SOURCE DATA:
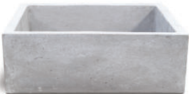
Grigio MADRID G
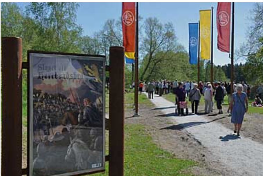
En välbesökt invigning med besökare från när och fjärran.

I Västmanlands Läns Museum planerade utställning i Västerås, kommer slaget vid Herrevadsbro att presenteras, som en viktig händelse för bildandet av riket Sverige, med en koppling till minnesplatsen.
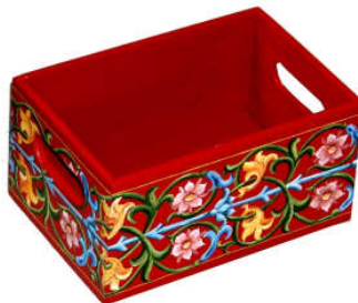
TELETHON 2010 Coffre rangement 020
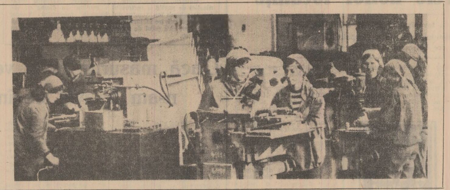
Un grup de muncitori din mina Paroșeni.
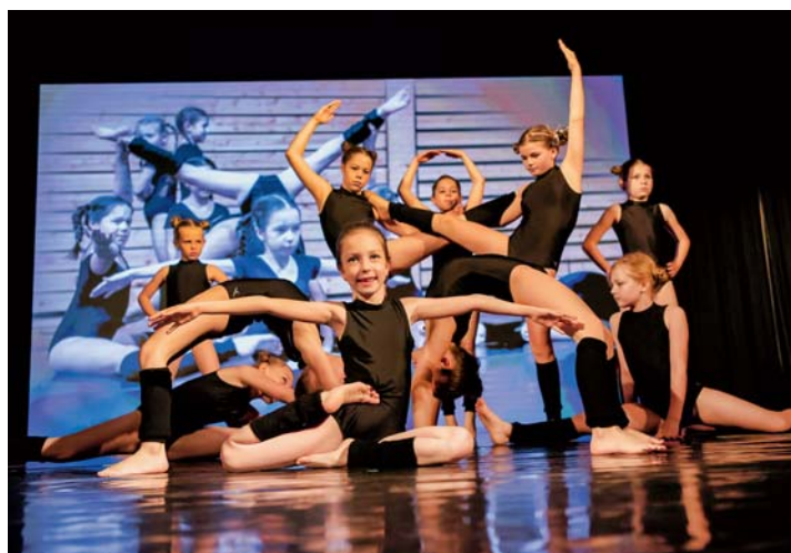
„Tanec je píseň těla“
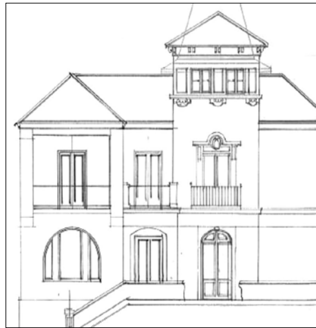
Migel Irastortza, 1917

TASK REQUIREMENTS:
Up to and including the line containing "I Västmanlands Läns", repeat every line from the start of the data, but none of the pictures.

WRITTEN REPLY:
Grigio MADRID G
En välbesökt invigning med besökare från när och fjärran.

I Västmanlands Läns Museum planerade utställning i Västerås, kommer slaget vid Herrevadsbro att presenteras, som en viktig händelse för bildandet av riket Sverige, med en koppling till minnesplatsen.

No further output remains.